Heel Pain Has Many Causes-
In our pursuit of health, pain plays the enemy role. In some instances, however, it does possess biological benefit. Pain that occurs as a result of injury or early in an illness may play a protective role, often warning us about the damage we've suffered.
When we sprain an ankle, for example, the pain warns us that the ligament and soft tissues may be frayed and bruised, and that further activity may cause additional injury.
Pain, such as may occur in our heels, also alerts us to seek medical attention. This alert is of utmost importance because of the many afflictions that contribute to heel pain.

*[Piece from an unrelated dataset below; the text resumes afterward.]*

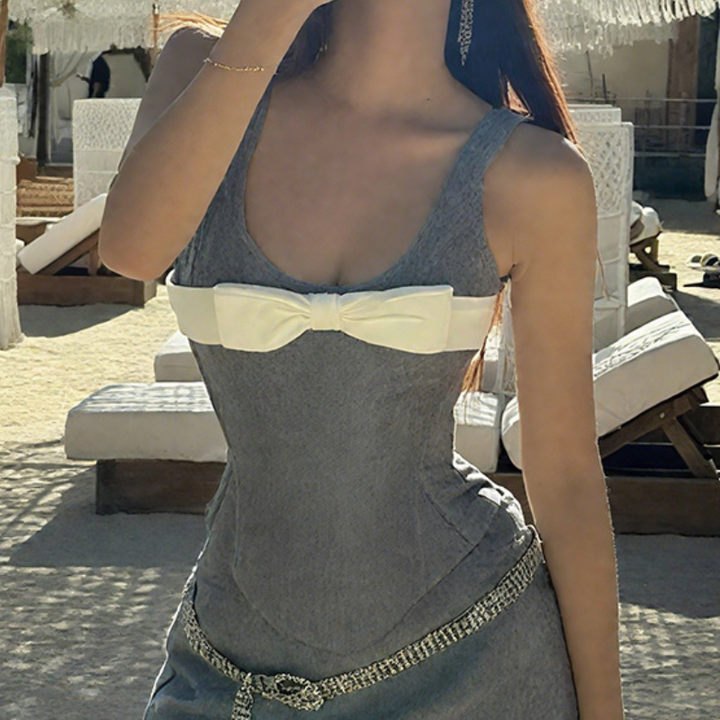 Bowknot u neck contrast tank top
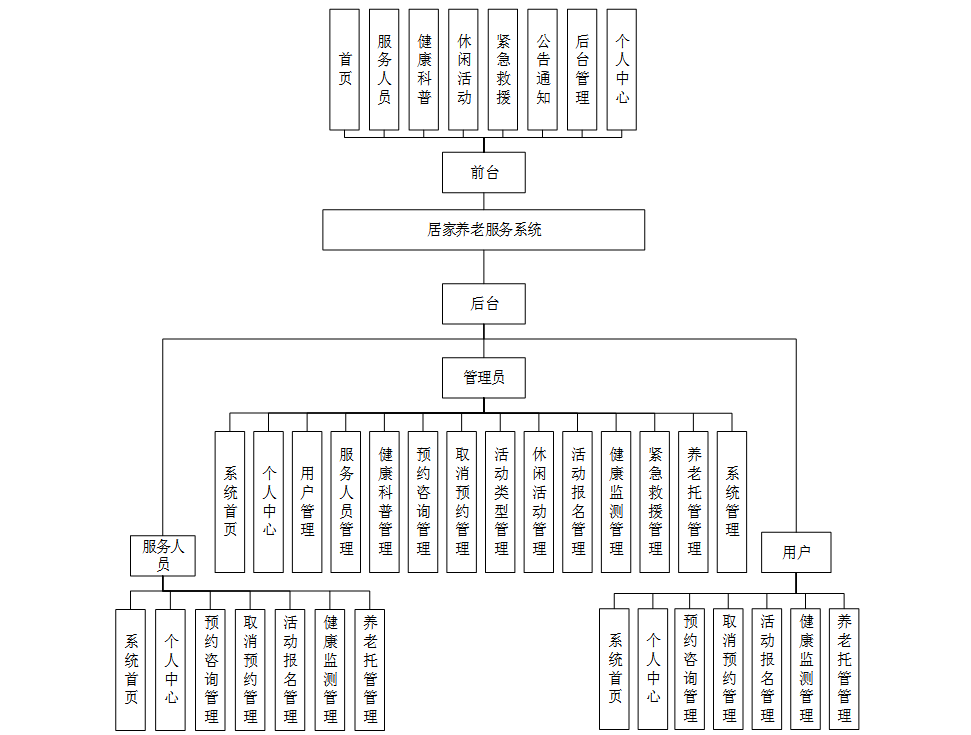 系统整体模块设计:系统分为管理员、服务人员和用户三大角色,系统管理员有最大的权限,整体效果展示如图4-3所示。

Heel pain is generally the result of faulty biomechanics (walking gait abnormalities) that place too much stress on the heel bone and the soft tissues that are attached to it. The stress may also result from injury, or a bruise incurred while walking, running, or jumping on hard surfaces; wearing poor fitting and poorly constructed footwear; or carrying excess weight.
The largest of the 26 bones in the human foot is the heel. The foot is also made up of 33 joints and a network of more than 100 muscles, tendons, and ligaments. Like all bones, the heel is subject to outside influences that can affect its integrity and its ability to keep us on our feet. Heel pain, sometimes even disabling to sufferers, can occur in the front, back, or bottom of the heel.
A common cause of heel pain is the occurence of a heel spur. A heel spur is a bony growth on the underside of the heel bone. The spur, visible by X-ray, appears as a protrusion that can extend forward as much as half an inch. When there is no indication of bone enlargement, the condition may be referred to as "heel spur syndrome."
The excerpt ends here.